“The energy of the mind is the essence of life.” — Aristotle
If you can master your energy, you will get better results in work and life.
Your energy is a premium resource. You need it whether you are taking on big challenges or simply hacking your way through your day.
The key here is, you can recharge your energy throughout your day, if you know the people and tasks that charge you, and the people and tasks that drain you.
The beauty is that this really is a case where awareness is half the battle. Just by being aware of this idea, you will get a better handle on your energy.
From there, you can make changes to increase your energy.
People and Tasks as Catalysts and Drains
I have a simple way of looking at my catalysts and drains now. For me, clarity came when I broke my catalysts and drains down into two buckets:
To improve your energy, you need to be aware of your catalysts and your drains:
- Some people jazz you. These are catalysts.
- Some people don’t. These are drains. (some people call them “energy vampires”).
- Some tasks jazz you. These are catalysts.
- Some tasks don’t.
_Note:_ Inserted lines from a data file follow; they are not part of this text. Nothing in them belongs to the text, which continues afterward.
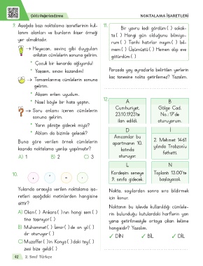 9. Aşağıda bazı noktalama işaretlerinin kul- 11. Bir yavru kedi gördüm ( ) sokak-
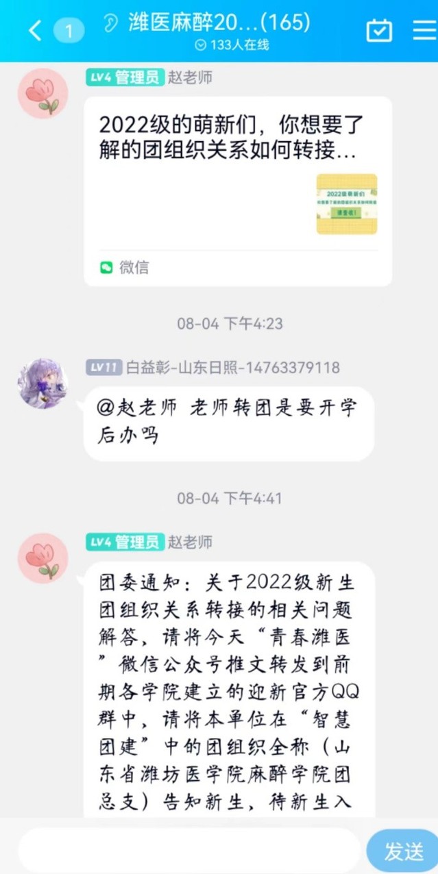 根据学校和学院招生工作安排,做好专业咨询工作,耐心、详细解答考生关于学院情况、专业设置、志愿录取等相关问题,展现黄色网址大全 良好精神风貌。七月下旬黄色网址大全 学工办正式筹备迎新工作,建立黄色网址大全 2022级新生群,及时发布学校重要通知,在高年级优秀同学中选拔班导生,做好新生开学前的答疑工作,后期将对物资准备、人员安排、注册流程、现场布置等进行周密部署,确保迎新工作顺利进行。
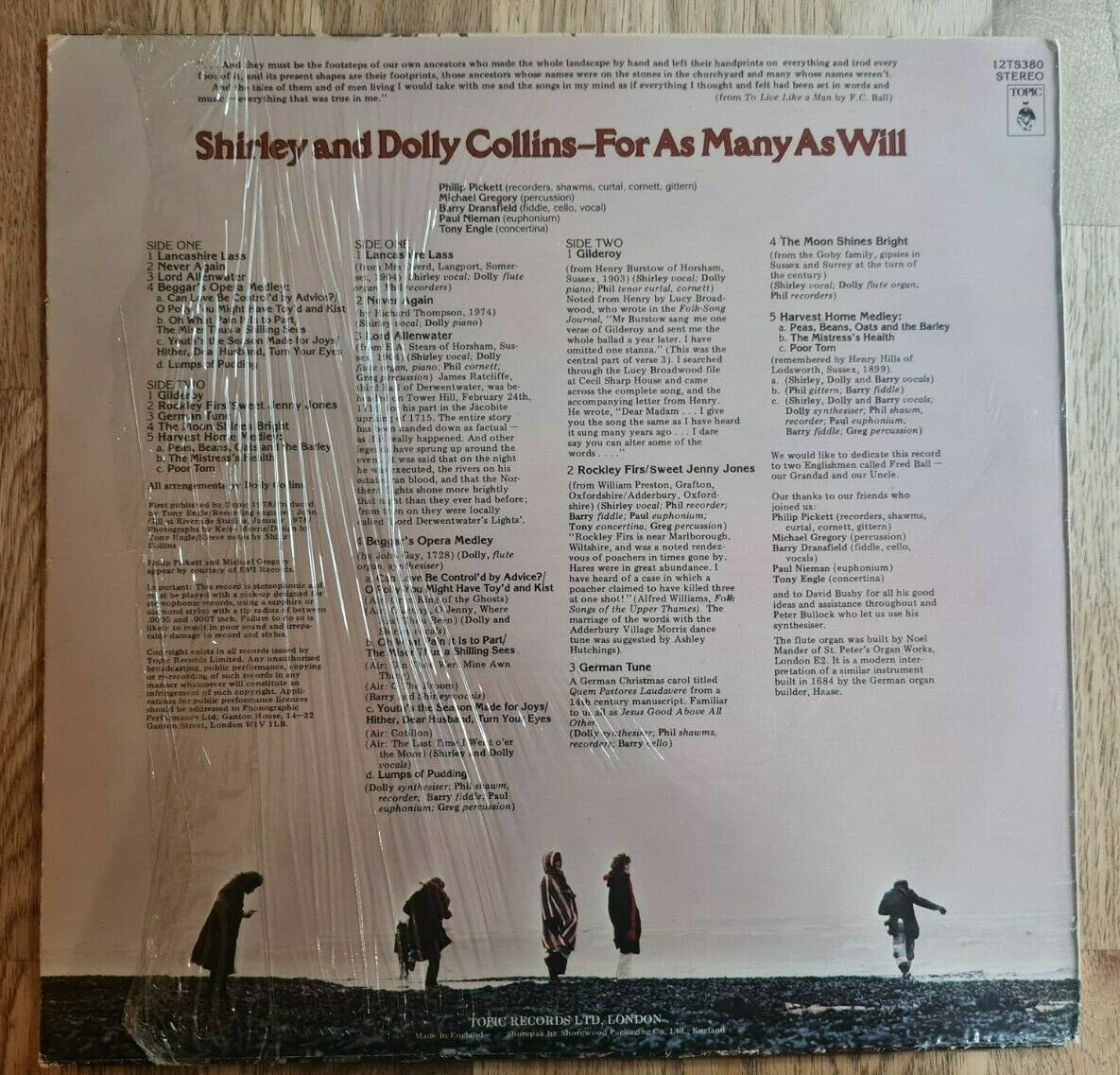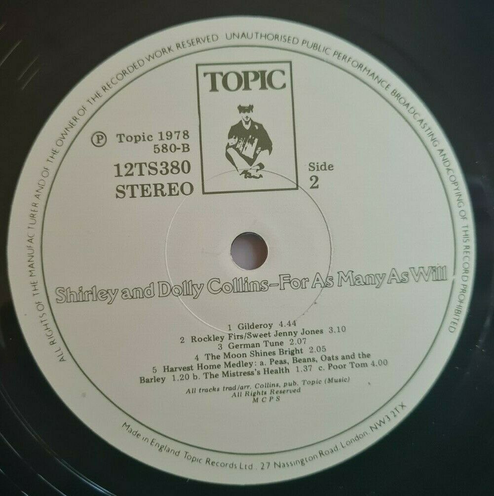SHIRLEY & DOLLY COLLINS LP FOR AS MANY AS WILL Label:UK TOPIC 1ST PRESS Catologue number:12TS380 Vinyl grades:NEAR MINT MY HIGHEST GRADE INCREDIBLE COPY Sleeve grades:BEAUTIFUL STILL IN SHRINK TINIEST CORNER WEAR REST IS PERFECT USE ZOOM TO SEE UK PATENT NO WHITE INNER

These are drains.
Simply noticing this will help you start to see patterns of things you do or who you spend your time with.
On the People Side…
I pay more attention now to people in terms of whether they are a catalysts or drains for me:
- With some individuals, I’m impressed at their ability to sap energy. (I can almost hear Gauntlet in the background saying, “Your life force is running out …”).
- With other individuals, they are clearly catalysts, giving me energy to move mountains.
It’s interesting for me now to think of both people and tasks in terms of catalysts and drains.
Now I consciously spend more time with catalysts, and less time with drains, and it compounds my results.
And with my drains that I can’t avoid, I use it as personal growth to figure out how can I stand strong when tested. And I also use my drains as a challenge to find creative ways to create better energy in my interaction.
On the Task Side…
I learned to think more carefully about tasks during one of my training sessions. You can actually think of tasks in terms of whether they energize or drain you.
Or put it another way, you can think of your tasks in terms of whether they make you strong or make you weak.
This hit home for me when one of the instructors gave some example scenarios:
- You have to analyze a few 1000 rows of data in a spreadsheet
- You have to give a last-minute presentation for a few thousand people in an hour
- You have a whiteboarding session to design a product
- You have to code a 1000 lines to solve an important problem
Ask Yourself How You Feel
The instructor asked, “how do you feel?” about the various scenarios.
He said some people will have “energy” for some of these. Others won’t.
Some people will be excited by the chance to drill into data and cells on spreadsheets.
He said others will be excited by painting the broader strokes.
He then gave more examples, such as, the irony of how you might have the energy to go skiing, but not to go to the movies.
The point he was making was that energy is relative and you should be aware of what gives you energy or takes it away.
So even your choice of tasks or how you do your tasks can be a source of your self-awareness and personal growth.
How to Increase Your Energy
Like I said, awareness if half the battle. If you think in terms of catalysts and drains, you have a new lens to choreograph your life.
You can now mix and match to help you survive and thrive. For example:
If I work on tasks that drain me, I try to pair up with people who jazz me, to help keep me going.
And if I work with people who drain me, I try to find energizing tasks to help me mitigate the drains.
The ideal scenario is working on tasks that jazz you with people who catalyze you and unleash a better version of yourself.
But on the practical side, just being aware of your catalysts and drains will help you make smarter moves throughout your day.
Once you realize this little secret, you can be more selective and you can find more ways to adapt, adjust or avoid your catalysts and drains to live a better life.